I read a fascinating article by George P. Landow today on the implications of hypertext on electronic publishing - a refreshing change after slogging through Kristeva and Greene. It seems to me that the difference between the reader of a physical text and the reader of a virtual one is activity - to use Landow's language, the hypertext reader is active. He/she is able to engage with the text on levels that far surpass in interactivity their engagement with a physical text, via numerous practices of linking. However, it's up to the reader to take advantage of these practices.

Vannevar Bush came up with the idea for the Memex system and predicted the existence of Wikipedia over sixty years ago: "wholly new forms of encyclopedias will appear, ready-made with a mesh of associative trails running through them, ready to be dropped into the memex and there amplified." I find the idea of the dynamic online text very interesting. When I ask people about reading books on their computers, the answer is always similar: they'd rather hold a book in their hands. I think what they're really talking about is more associative. People spend hours at their computers every day: reading, making trails, absorbing information. But when it comes to the idea of reading a novel, they dissociate it from the computer, itself a signifier of open-ended information, a wellspring far too large and seemingly infinite to comprehend actually finishing a text. When we read online, we do so to learn, which is a continual process. We don't regard a novel in such a way. A novel is physically finite and armed with a beginning that proceeds to an end, regardless of our poststructural interpretations.
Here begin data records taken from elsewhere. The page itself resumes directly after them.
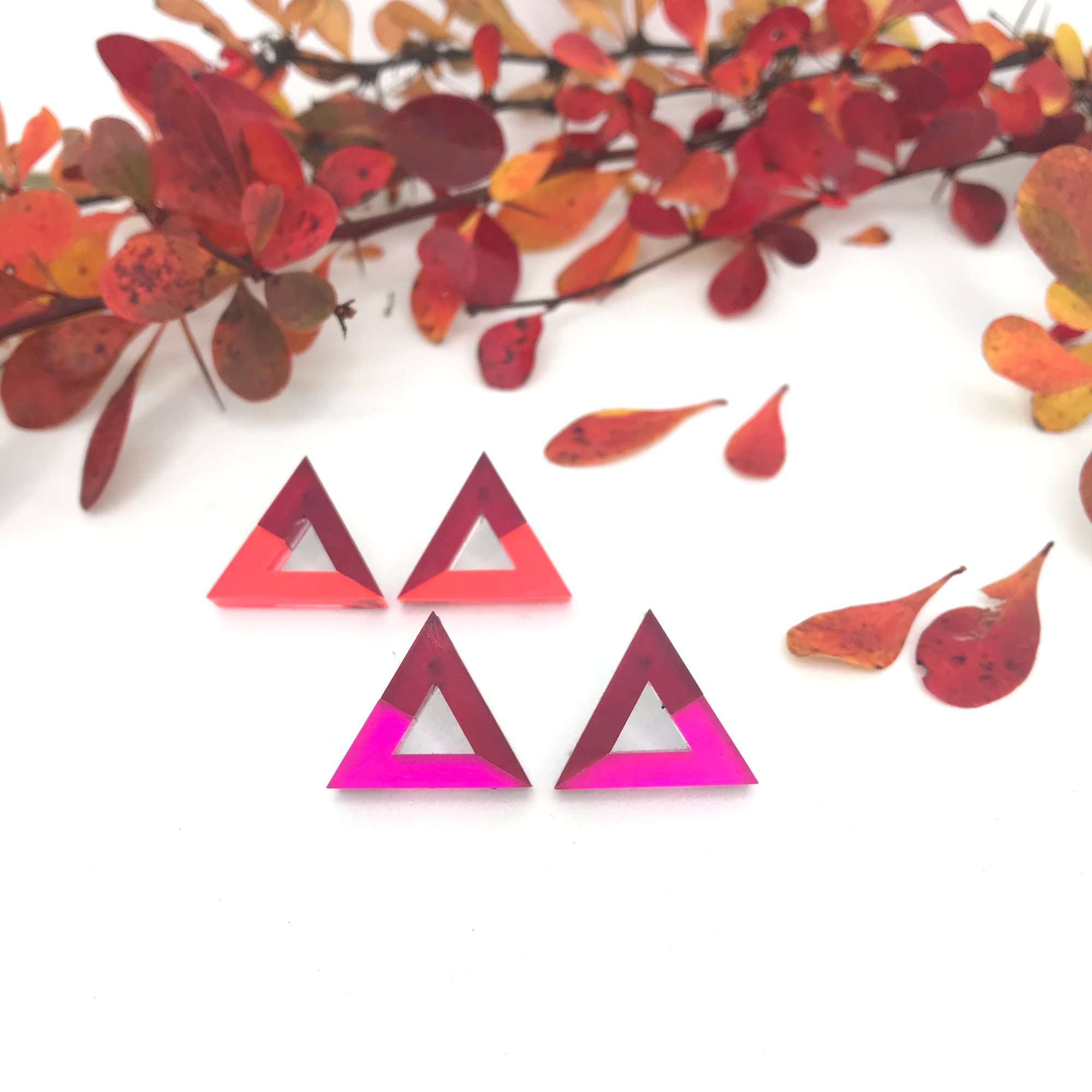 Náušnice ve tvaru trojúhelníku v nových barevných kombinacích inspirovaných podzimem.
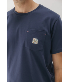 Camiseta manga corta confeccionada en 100% algodón orgánico en color azul marino delavé. Bolsillo en pecho con logo remos. Regular fit y cuello redondo. Detalle cruces bordadas a contraste en la manga.
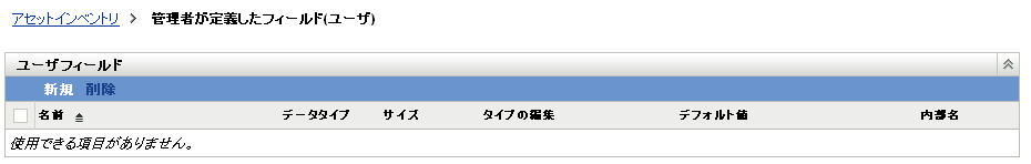 [ユーザフィールド]パネルには、既存の定義済みフィールドと次の情報が表示されます。
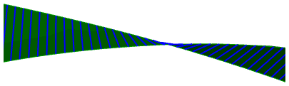 尽管这似乎是一个可展开的直纹曲面,但等值线是弯曲的。这可能会导致看起来很奇怪的刀具路径,因为 FeatureCAM 会尝试保持刀具的侧边与曲面接触,也就是说,刀具轴可能会完全不同。
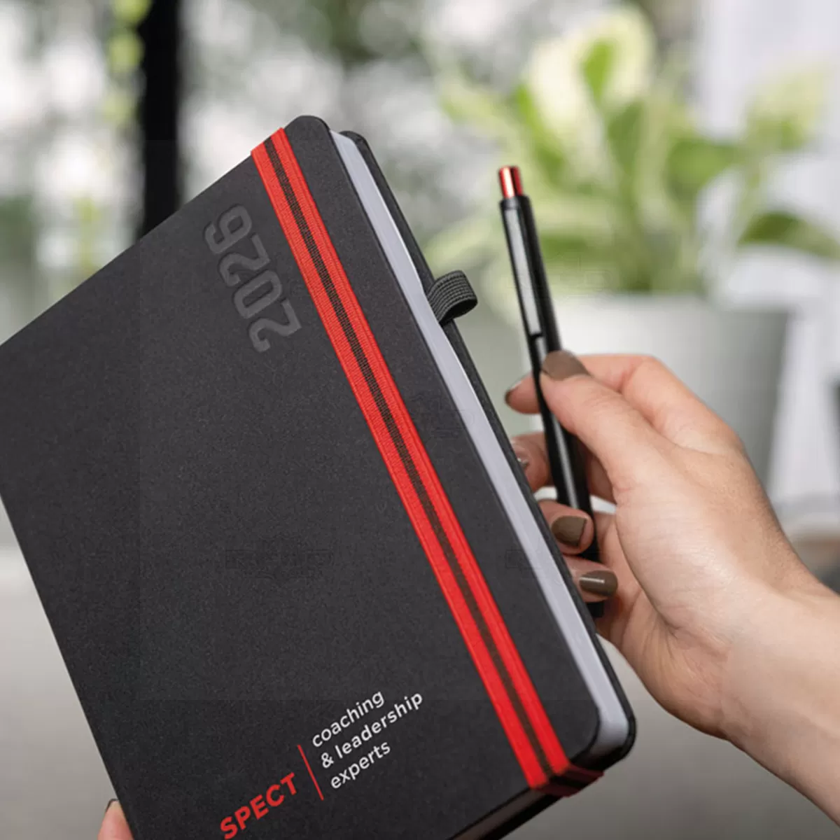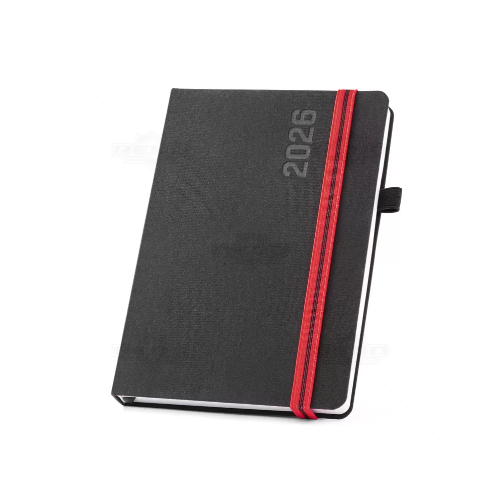 Agenda diária personalizada formato A5 e acabamentos em poliéster. Possui plano diário, folhas internas brancas, elástico para fechamento e suporte para esferográfica (não inclusa). A agenda possui o tamanho perfeito para levar em sua bolsa ou mochila sem ocupar espaço, perfeito para armazenar anotações e a organização do dia a dia, em casa ou no trabalho. Ideal para ações destinadas a escritório e distribuições em ações de marketing e brindes.
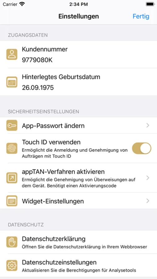 Unser InternetBanking verwendet sicheres HTTPS für den Verbindungsaufbau. Sie schützen die App mit einem Passwort oder können alternativ Ihren Fingerabdruck oder die Gesichtserkennung zur Authentifizierung verwenden. Bei Einrichtung der App müssen Sie einmalig Ihre Kundenummer, Ihre PIN und Ihr komplettes Geburtsdatum hinterlegen. Beim Login ist gemäß PSD2-Richtlinie alle 90 Tage eine TAN-Freigabe erforderlich.
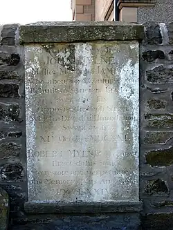 Mylne was well established as a mason by the 1580s. He was made a burgess of Dundee in 1587 for various works in the city, and in particular his renewing of the royal burgh's harbour.[2] He also built the mercat cross which formerly stood in the High Street.[4] In 1584-5 he was engaged on alterations to The Drum, a tower house in Lothian, for the 7th Lord Somerville.[5][6] In 1589 he built or extended Bannatyne House in Newtyle, Angus, for justice Thomas Bannatyne.[7] Mylne was Master of the Mason's Lodge at Scone at a time when the mason's lodges were moving away from being simply craft guilds, and he admitted King James VI to the lodge as a Freeman Mason.[2]
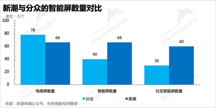 也就是说,新潮未来的战略会避开目前分众有垄断优势的商务楼宇梯媒,而是更多押注在社区梯媒身上。从“直面厮杀”到“割据为王”,可以说新潮的新战略对分众商务楼宇基本盘影响有限,但也必须承认,新潮等同行的存在,也确实挤压了分众未来潜在的收入增长空间,尤其是社区梯媒上。
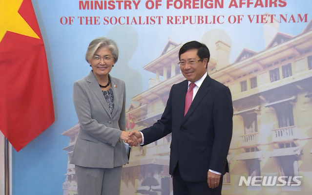 [서울=뉴시스] 조수정 기자 = 강경화 외교부 장관이 18일(현지시간) 베트남 하노이에서 팜 빙 밍 베트남 부총리 겸 외교장관과 회담에 앞서 악수하고 있다. (사진=외교부 제공) 2020.09.19.
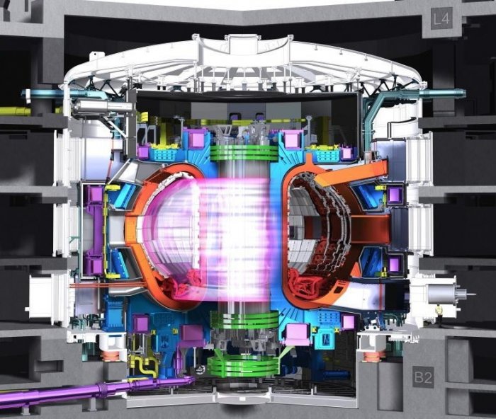 ITER (International Thermonuclear Experimental Reactor) — крупнейший токамак в строительстве во Франции, совместный проект 35 стран с бюджетом более 20 миллиардов долларов. Большой радиус 6,2 метра, малый радиус 2.0 метра, объем плазмы 830 кубических метров, тороидальное поле 5,3 Тесла, плазменный ток 15 миллионов ампер. Целевые параметры — температура плазмы 150 миллионов К, термоядерная мощность 500 мегаватт при мощности нагрева 50 мегаватт, коэффициент усиления мощности 10.
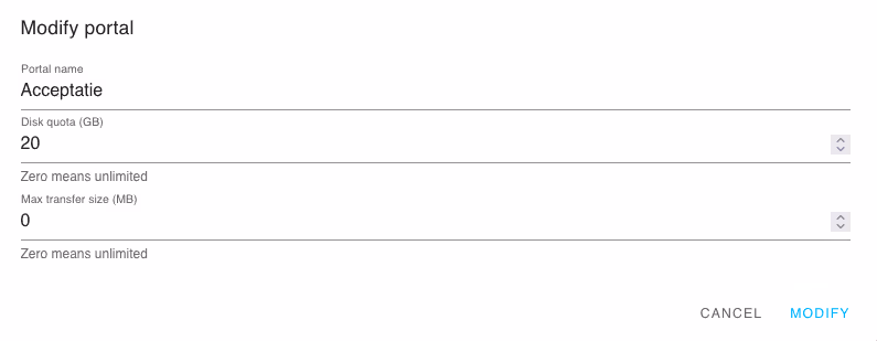 Ändern Sie das "Festplattenkontingent" dieses Portals in Gigabyte. Wenn dieser Wert auf 0 gesetzt ist, gibt es keine Begrenzung.
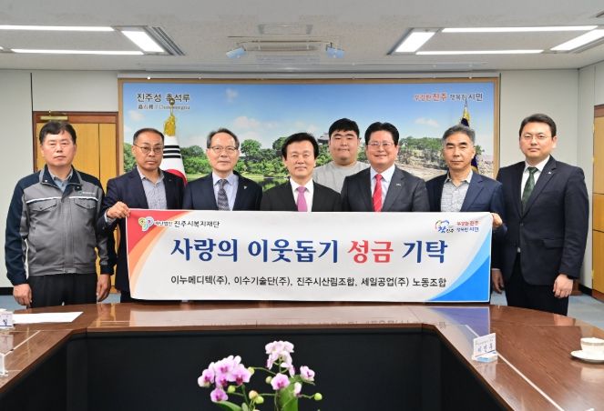 이번 기탁식에서 이누메디텍㈜(대표 이인우)에서 성금 2,000만 원, 이수기술단㈜(대표 황국주)에서 성금 2,000만 원, 진주시산림조합(조합장 정덕교)에서 성금 1,000만 원, 세일공업㈜노동조합(위원장 조경옥)에서 성금 200만 원을 지역사회 어려운 이웃을 돕기 위해 기탁했다.
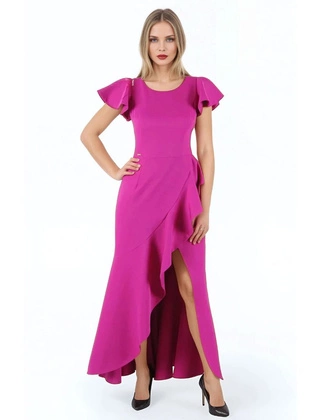 Sukienka wyjściowa, chabrowa kreacja z ozdobnymi falbanami 25109
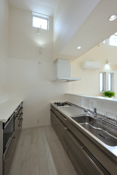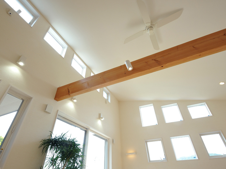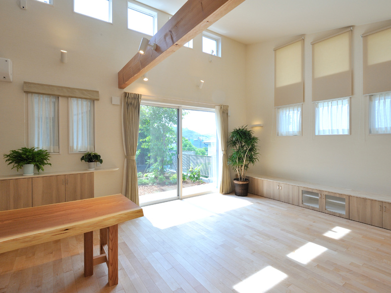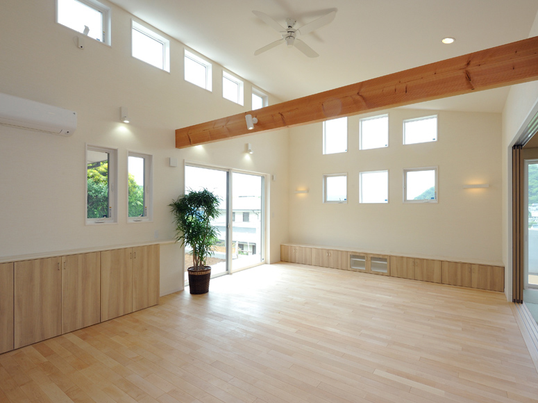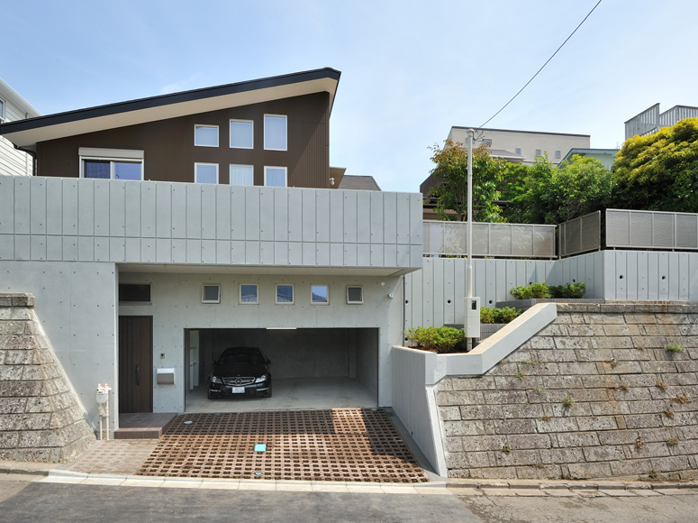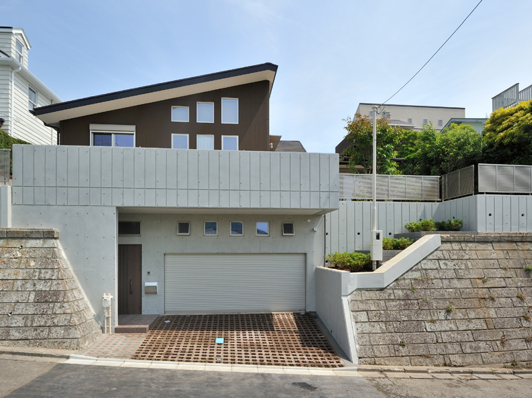 道路と1階のグランドレベルに、約4メートルもの高低差がある『地下室・地下車庫のある家』です。『相模湾越しに富士山の見える眺望を楽しみたい!』と、当初は二階建てのプランをお望みでした。しかし、建築制限の厳しいこの地域で、二階建てのプランでは魅力的な建物ができないと判断し、土地の広さを活かした平屋建てをご提案しました。齢を重ねると、上下階を往復する生活動線よりも、1フロアで完結する暮らしの方が断然便利です。天井の高い開放的な空間もつくれますし、家族の気配も感じられるので安心です。
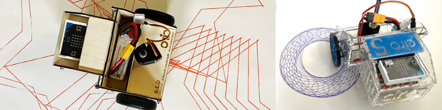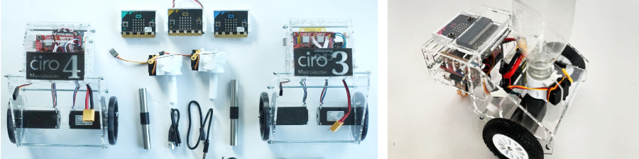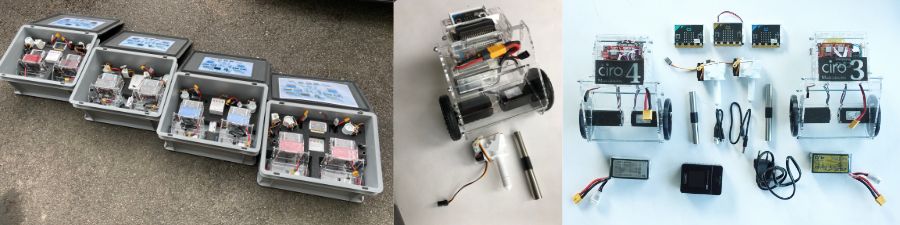 In jeder Box befinden sich zwei komplette ciros mit micro:bit, Verbindungskabel, Akku, Ladegerät, alle nötigen Elemente für das erstellen der Linien auf Papier oder auf dem Pausenplatz. Bis zu 4 Boxen können für den Einsatz in der eigenen Klasse von Lehrkräften ausgeliehen werden.
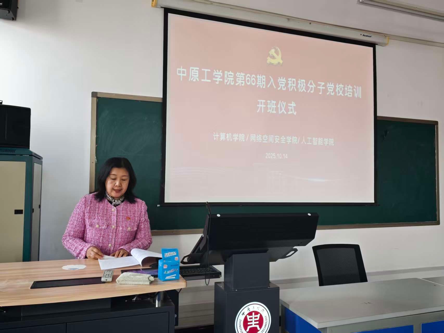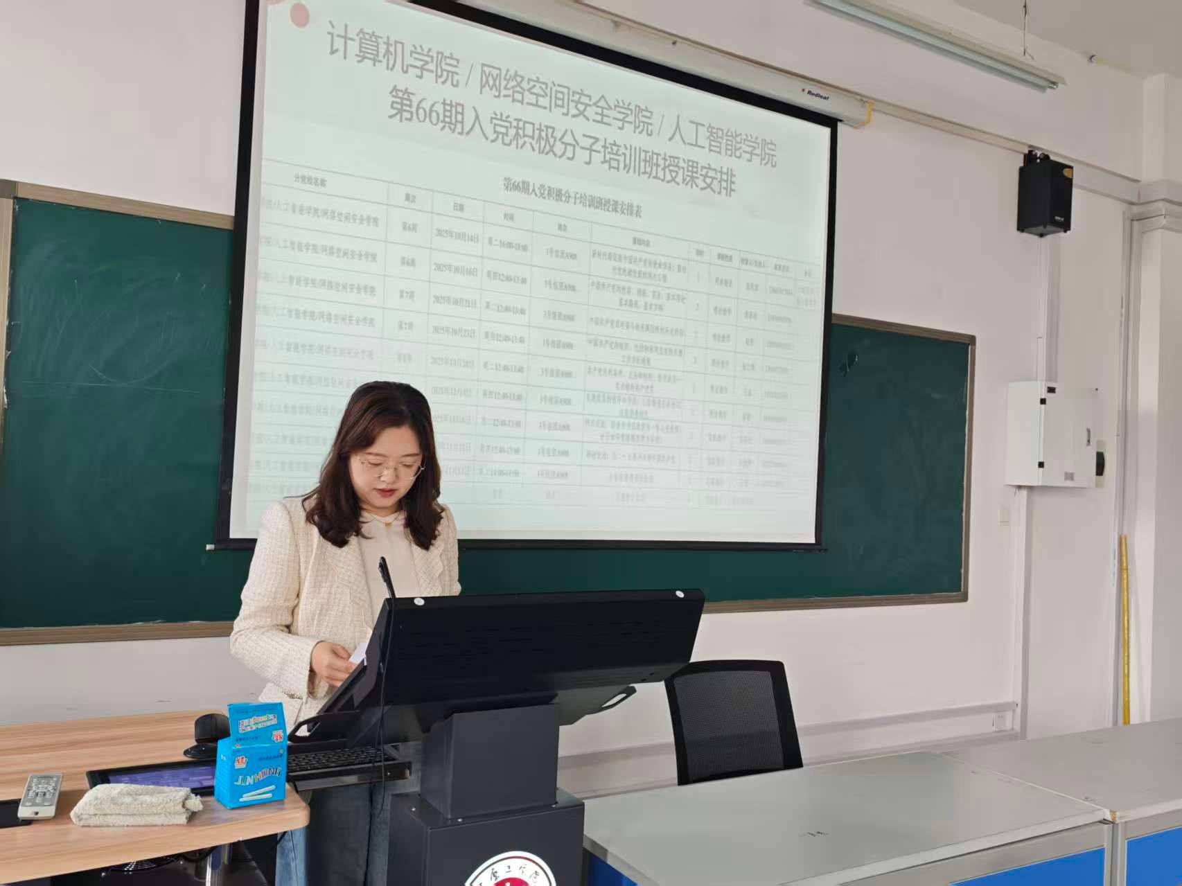 网络空间安全学院党总支副书记邢颖系统介绍了本次培训班的具体的培训安排、课程设置以及学习目标,鼓励学员们抓好本次学习机会,努力吸收党的创新理论,端正入党动机,锤炼党性修养。

I have a feeling that this society will evolve to become increasingly active in their engagement with texts of all sorts. Landow makes the argument that books presented the same kind of technological impact when the printing press made documents available on a mass scale, and hypertext is no different. Eventually we're going to see texts existing in a completely dynamic state. There will be no such thing as a novel without visual and theoretical aid, without the option to access parallel studies, contexts and critical opinions including those of our own. We'll be able to build bridges between all texts and immerse literature so far into the intertextual that the notion of authority will completely break apart. The implications are astounding. It's just a matter of how it will be marketed.

I bought a copy of Beetlejuice at the grocery store today and watched it along with some X-Files over dinner. I'm almost finished with Season 2 and it's featured half of the members of Hard Core Logo in roles (half the fun of watching a US series filmed up north are the familiar faces that pop up). I also finished putting together Andrea's present, but given that she reads this page I won't divulge its contents (patience cookie).

Bywords sent me a check for a poem of mine they published in their Quarterly Journal. It's the first time I've ever made money off of my writing. $5. I'm thinking I might frame it.